Joe Girardi made his Major League debut in 1989, and first managed in 2006. The 55-year-old may be in his first season as the Philadelphia Phillies manager, but he’s hardly the new kid on the block.
Still, one of the things that made Girardi such an attractive hire for the Phillies is they believe he’s able to blend old and new school. And he’s shown a willingness to new ideas. He’s voiced support for playoff expansion. He likes seven-inning doubleheaders. Heck, Girardi even has said that he’s neutral on extra innings starting with a runner on second base.
The latest sign that Girardi continues to adapt to the game’s changing landscape were his thoughts on San Diego Padres superstar Fernando Tatís Jr.’s controversial grand slam Monday night, which he hit on a 3-0 count with his team already up by seven runs.
“I think managers should get together and say ‘Let the players play,'” Girardi said before Tuesday’s Phillies-Boston Red Sox matchup. “Think about our week – we’ve got seven games in six days…I don’t know how much I’m going to need Hector [Neris]…the other day we had a 12-run lead and I had to get Hector up, right? These games are really important, and there are certain times where if you can give your eighth inning guy, your ninth inning guy and maybe a left-hander a day off, you would love to do that because you don’t know what you’re going to need the next day.
“So I wish managers, when we would go to Winter Meetings would say ‘Just let the players play, and whatever happens happens. We’re not rubbing anything in.’ Now, if it’s 21-2, I get that. But we saw, what were we up the other day, 13-2 or something? And it wasn’t necessarily safe. And I think, especially with a really small schedule, you don’t really have a lot of time to make up a loss if you have a loss like that. And they [the Padres] also don’t have their closer [Kirby Yates]. Their closer is on the IL. So that changes things. I wish managers would just say ‘Let the players play.'”

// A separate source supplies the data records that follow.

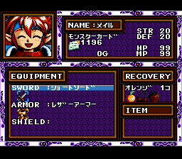 Originally on the NEC PC-99/98, Popuru Meiru has also been ported to the PC Engine and the Sega CD. This port to the Super Famicom is one of the few ports that Falcom themselves have been involved with, so purists should have no complaints. The Sega CD version was released as "Popful Mail" in English by Working Designs. Working Designs was both a blessing and a curse: they released many great JRPGs and other games from Japan that other companies would not have considered doing so and as a result we have the legendary Lunar series released in English, but at the same time they couldn't resist messing around with the games' programming to raise the games' difficulty levels, such as Treasure's Silhouette Mirage. They made Popful Mail brutally unforgiving by increasing the amount of damage you take from enemies, causing English gamers to constantly save their game's progress. For the original Japanese version, the voice actress for Mail is Megumi Hayashibara, thus causing plenty of comparisons of Mail to Lina Inverse of the anime Slayers.
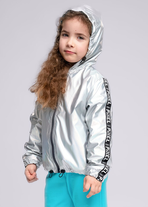 Легкая куртка из блестящей болони на хлопковом подкладе. Карманы в боковом шве. Капюшон и низ изделия на резинке с регулировкой. Украшена тесьмой с тейпом по рукавам.
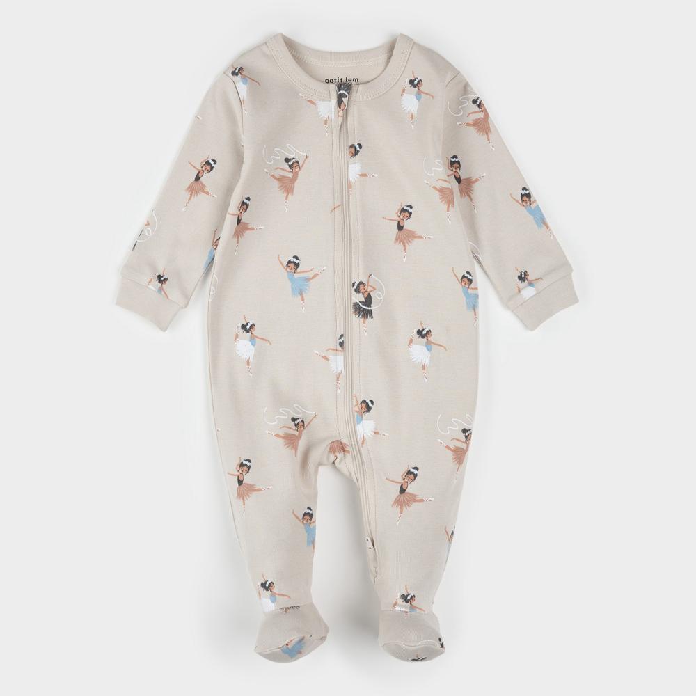 Ballerina-print cream sleeper (0-12M)

Texas Rangers’ manager Chris Woodward disagrees with Girardi. After Tatís Jr. launched a grand slam Monday night to extend the Padres lead to 11 runs, Woodward had pitcher Ian Gibaut immediately throw a pitch behind Manny Machado, the Padres other star infielder, to show his frustration with the Padres continuing to add to their lead.
“There’s a lot of unwritten rules that are constantly being challenged in today’s game – I didn’t like it, personally,” Woodward said to the collective media, including MLB.com‘s AJ Cassavell. “You’re up by seven [runs] in the eighth inning; it’s typically not a good time to swing 3-0. It’s kind of the way we were all raised in the game. But, like I said, the norms are being challenged on a daily basis, so just because I don’t like it doesn’t mean it’s not right.”
Woodward was suspended for Tuesday afternoon’s matinee against the Padres. Gibaut was suspended for three games.
What really made this a story is that Jayce Tingler, Tatís Jr.’s own manager, didn’t defend him after the game.
“He’s young, a free spirit and focused and all those things. That’s the last thing that we’ll ever take away. But it’s a learning opportunity,” said Tingler.
It’s one thing to simply say that the Rangers shouldn’t have gotten themselves in a 3-0 situation with the bases loaded, leaving Tatís Jr. the chance to hit his second home run of the game. But as Girardi said Tuesday, seven runs really isn’t that big of a lead. The Phillies have come close to blowing such leads on multiple occasions this season. Yeah, there’s a discussion to be had about unwritten rules, but the assertion that the game was at the point where such rules would kick in is strange.
For his part, Tatís Jr. said after the game that he would likely take a called strike if faced with the situation again. However, he stole third base with a six-run lead Tuesday afternoon, a good sign that he felt slighted that in the midst of a monster season, the first time he really made national headlines was over backlash when he hit a grand slam.
And if Bryce Harper were to do the same thing later on this season, Girardi wouldn’t have a problem with it, especially if it helped to save his bullpen.